Кровавый Ангел старался сдерживаться, как мог — но в нем проснулось любопытство. Сейчас он больше, чем когда-либо хотел выпустить на волю генетическое проклятие своего Ордена, берсеркерскую ярость, которую дарует Красная Жажда; он желал бы стать смертельным ураганом и разметать это место. Но в его мозгу уже звучали другие голоса, он вспомнил слова своего наставника Кориса и своего командира — лорда Данте. Он не может выпустить на свободу свою ярость, не сейчас. Сначала необходимо выполнить задание.

С мрачным лицом, он последовал за Чейном и шагнул в дверь.


— ТЫ УВЕРЕН? — Нокс понизил голос, чтобы он не разносился по капитанской рубке "Неймоса", как бывало обычно. Расчленитель наклонился и через плечо Кровавого Ангела заглянул в пикт-экран, заключенный в витиевато изукрашенную раму.

Пулуо кивнул с самым серьезным выражением лица:

— Не говорил бы, если б не был уверен. Посмотри сам.

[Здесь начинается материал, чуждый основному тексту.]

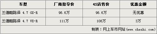 據經銷商銷售人員介紹,豐田-蘭德酷路澤分為4.0L和4.7L兩種排量,由于4.0L車型的尾氣排放是歐III標準,沒有達到北京施行的歐IV標準,所以北京限賣,店內沒有4.0L車型。4.7L車型分為GX-R版和VX-R版,目前購買蘭德酷路澤的消費者可以得到6萬元的優惠。經優惠后,蘭德酷路澤VX-R版售價降到了108萬元。
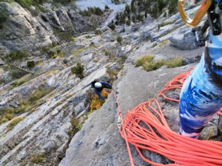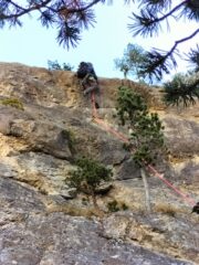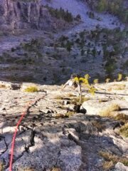 Bella arrampicata, con un 6A obbligatorio sui tiri chiave. Comunque ben chiodata, usato un friend 03 per integrare ma su un solo tiro. Soste collegate con cordoni non nuovissimi usare i propri.
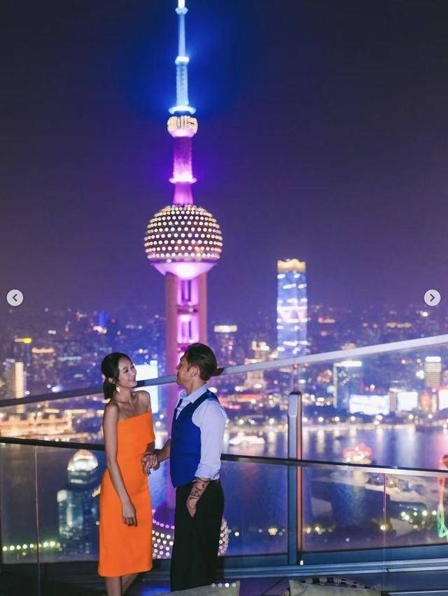 可以看到当天的汤怡身穿着一条橙色的贴身连衣裙,二人在上海外滩拍照留念,画面可以说是非常温馨浪漫。
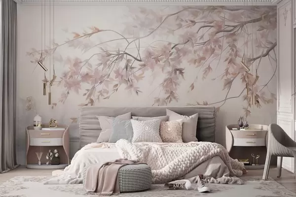 Тапете за зид Текстурирани пејзаж са граном цвета трешње, ружичастим листовима, меком, магловитом позадином бр. w09743
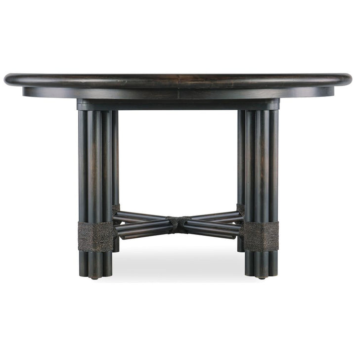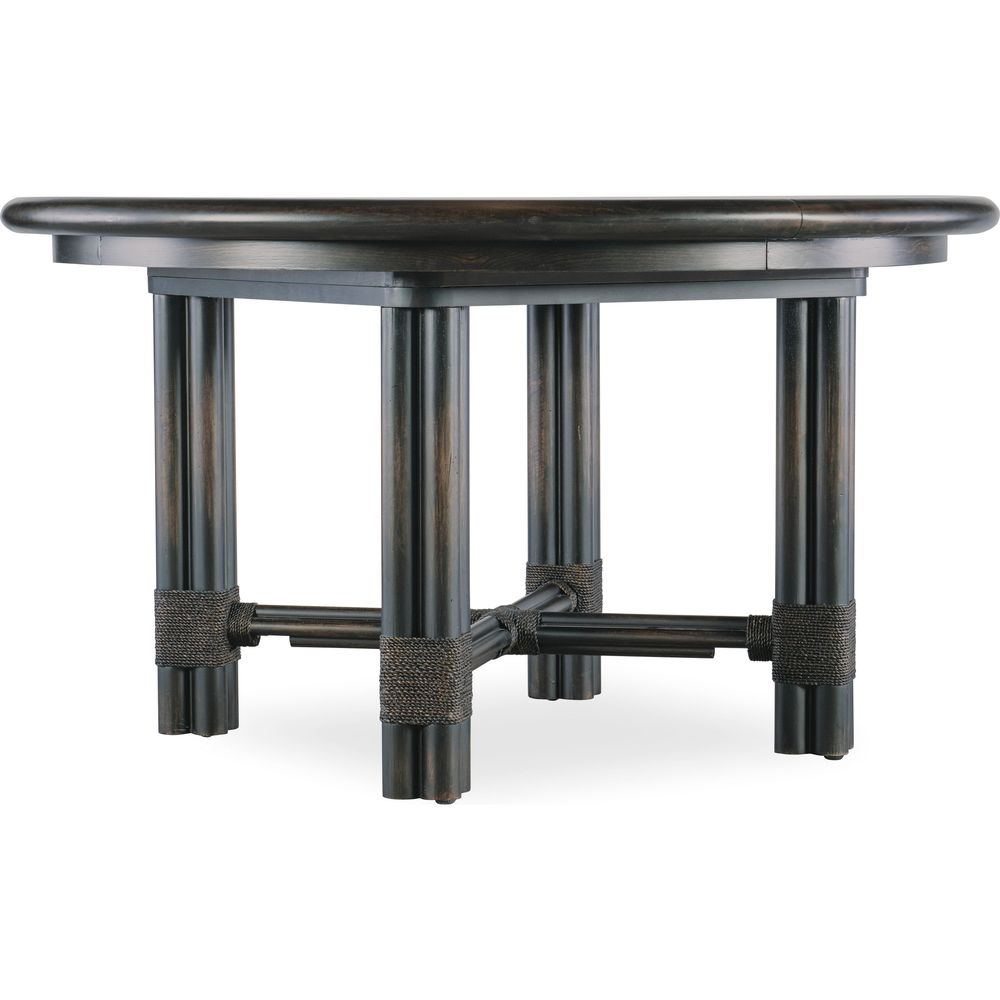 Description: With a tropical retreat-inspired vibe accented by organic details, the Solace Pole Rattan Round Dining Table has a bundled-pole-designed motif with rope accents. Crafted of Oak Veneers, it features the Black Sand finish, transparent by design to reveal unique grain patterns of the veneer. The tabletop has a Solid Wood edge. When the 20-inch leaf is in place, the table extends to 74 inches and accommodates up to 8 coordinating chairs. Without the leaf, it accommodates up to 6 coordinating chairs.

Нокс прищурил глаза, внимательно изучая изображение на экране; оно показывало участок океана в кильватере подводного корабля, клиновидная, как кусок пирога, область, расчерченная черными и серыми пунктирными линиями статических помех. Картинку передавал звуковой сонар — прибор, который позволял "видеть" сквозь воду, используя сверхчувствительные аудиосенсоры, которые отслеживали малейшее движение в глубине

— Я не вижу его.

— Подожди, — ответил Пулуо. Он показал на небольшую белую область на дисплее:

— Смотри сюда.

Через мгновение экран мигнул, и на долю секунды Нокс увидел неясную тень — что-то вроде трассирующей пули с тонким, как проволока, следом. Он остановил изображение на экране и посмотрел на второго Астартес.

— Он вернулся?

— Да. Вернулся, — подтвердил Пулуо, мрачно кивая.

— Я думал, ты убил эту тварь.

Пулуо помотал головой:

— Как следует врезал ему. Думал, этого хватит.

Нокс взглянул на показания дальномера рядом с экраном:

— Он далеко. И плывет медленно. Он ранен.

— Он не так далеко, — заметил Пулуо, — судя по когитаторам, скорость кракена примерно равна нашей. Если мы по какой-нибудь причине остановимся — он догонит нас через несколько минут.

— Тем больше поводов поторопиться. — Нокс собрался уходить, но Пулуо схватил его за руку.

— Что еще? — рассерженно бросил сержант. Кровавый Ангел, нахмурившись, повернул дисплей:

— Подожди, еще не все. Смотри дальше, — он повернул тумблер, снова включая воспроизведение. Мерцание на дисплее переместилось к дальней части клина, и Нокс удивленно поднял бровь.

Как тиранид смог настолько быстро переместиться с одной части экрана на другую? Изображение затуманилось статикой, потом повторилось в отдельной картинке на экранах сканеров; теперь сонар показывал не один, а пять самостоятельных объектов.

У всех одинаковая, напоминающая пулю, форма, за каждым тянется тонкий след помех.

— Он вернулся, — снова повторил Пулуо, — и не один, а с друзьями.

Нокс слегка улыбнулся:

— По-моему, можно начинать гордиться. Эти жуткие твари собрались целой стаей, чтобы оставить от нас мокрое место.

Он помолчал, размышляя.

— Скажи сервиторам, чтобы они выжали из этой лохани максимальную скорость. Нам нужна каждая секунда преимущества перед этими тварями, потому что перед островом придется сбросить скорость.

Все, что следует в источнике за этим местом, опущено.